Great moments in opera: Don Carlo

January 21, 2014

I am not sure whether this opera is properly called Don Carlo or Don Carlos. It exists in both Italian and French versions, which I think is the origin of the confusion. Verdi’s much-revised piece — there are both five- and four-act versions — is an example of the grandest of grand opera: about four hours long, and plump with international politics, ecclesiastical spectacle, and personal tragedy. As with so many of Verdi’s operas, it was unfamiliar to me until recently; I have both listened to and watched it now as a belated part of my Verdi anniversary observance.

The story is set in sixteenth-century Spain, in the troubled court of Philip II. Philip has recently married Elisabetta, a much younger woman who, unhappily for all concerned, had prior to the marriage been entangled in a romance with the king’s son, Don Carlo. Thus we have a love triangle of the most awkward sort at the heart of the royal family. Sixteenth-century Spain also means the Inquisition, of course, and there is a power-hungry and corrupt Grand Inquisitor to put a lurid face on things. Meanwhile there is political unrest in Spain’s Netherlandish provinces. These three elements — usurped love, Inquisition, and power politics — are the ingredients with which Verdi cooks his stew.

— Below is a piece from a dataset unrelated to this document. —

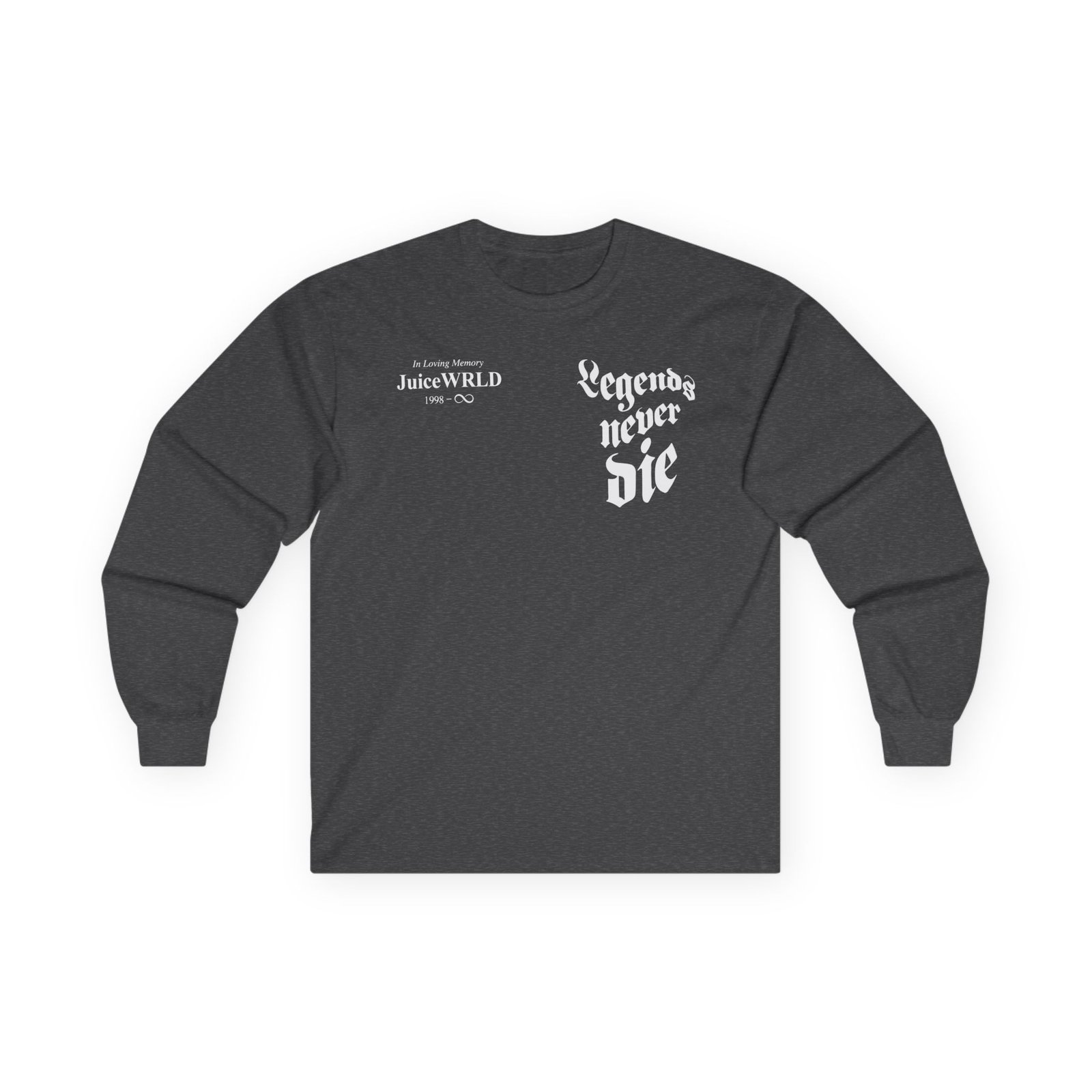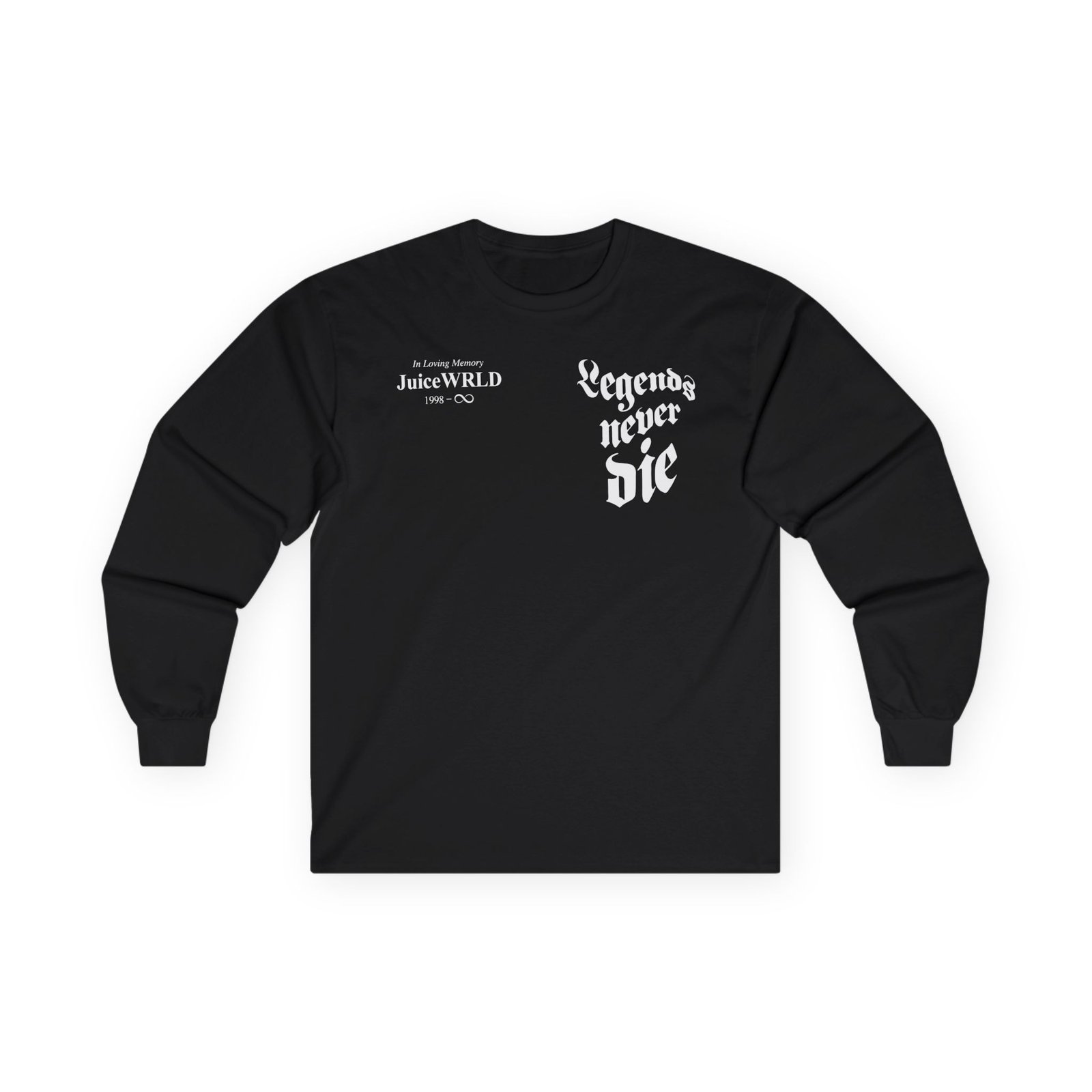 A bit more formal than a standard-issue t-shirt, the Legends Never Die Juice WRLD 999 Club ultra cotton long sleeve tee is a clear comfort winner. The sleeves also act as a nice frame. There are no side seams. The shoulders are taped for improved durability. This makes for a good fitting around the shoulders and neck. The cotton used for these shirts is environmentally friendly.

The brightest musical highlight of the opera comes early in the first Act: Don Carlo is reunited with his friend, Rodrigo, who has recently returned from a diplomatic mission to the Netherlands. They sing a rousing duet, Dio, che nell’alma infondere, in which they swear enduring friendship to one another. Here are Placido Domingo and Louis Quilco, with English subtitles:

Later in the first act is a lovely aria sung by Eboli, a third-wheel who is secretly in love with Don Carlo. Her song, Nel giardin del bello (In the garden of war), tells the story of a Moorish king who tries to woo an alluring, veiled beauty who turns out, much to his surprise, to be his wife. It’s a soprano showpiece, sung in this clip by Tatiana Troyanos at the Met, with English subtitles:

This motif of mistaken identity in romance anticipates the opening scene of Act II. Don Carlo has arranged to meet Elisabetta in the palace garden at night, and upon meeting her (as he supposes) he cannot resist professing his love for her. Yet he is mistaken: he has met Eboli, and she wrongly takes his profession of love as intended for her. The mistake realized, Don Carlo rejects her, and she, calling herself “a tigress with a wounded heart”, vows to revenge herself on him. At this point Rodrigo enters the garden and intervenes. What follows is a marvellous trio, sung here by Luciano Pavarotti (Don Carlo), Luciana d’Intino (Eboli), and Paolo Coni (Rodrigo) in Milan. This clip begins with Rodrigo’s entrance; the trio really starts to gather steam about one minute in.

Later in this act we get one of Verdi’s splendid choruses: the scene depicts the preparations for an auto-da-fé, and the unruliness of the crowd is well captured in the music. Probably you’ll recognize the tune. This is a concert performance, and a pretty good one:

I’ll select just one highlight from Act III: King Philip sings Ella giammai m’amò (She never loved me), in which he meditates on the inevitability of death and laments his loveless marriage. This is one of the great arias for bass voice, sung here by Ildar Abdrazakov. I cannot find a version with English subtitles, but the text and translation can be seen here.

Likewise, one highlight from the fourth and final act: Don Carlo must leave Spain to avoid his father’s wrath, and Elisabetta prays for strength to be parted from him forever. As her thoughts turn to France and the early days of their romance, she sings Tu che le vanita conoscesti (You who have known the vanity). Here is a treat: rare footage of Maria Callas singing live!

This is from 1962, so quite late in her career, when she was past her prime, but what a voice! Mesmerizing. (To hear her sing the same aria in 1958, go here. This is a calibre of singing from which one never quite recovers.)

Don Carlo has a dramatic finale which, however, I shall not showcase here. Suffice to say that all the main elements I stressed at the beginning — politics, religion, and tragedy — come together for a conclusion that is ne’er to be forgotten. If you think it ends well, you’ve not seen enough operas.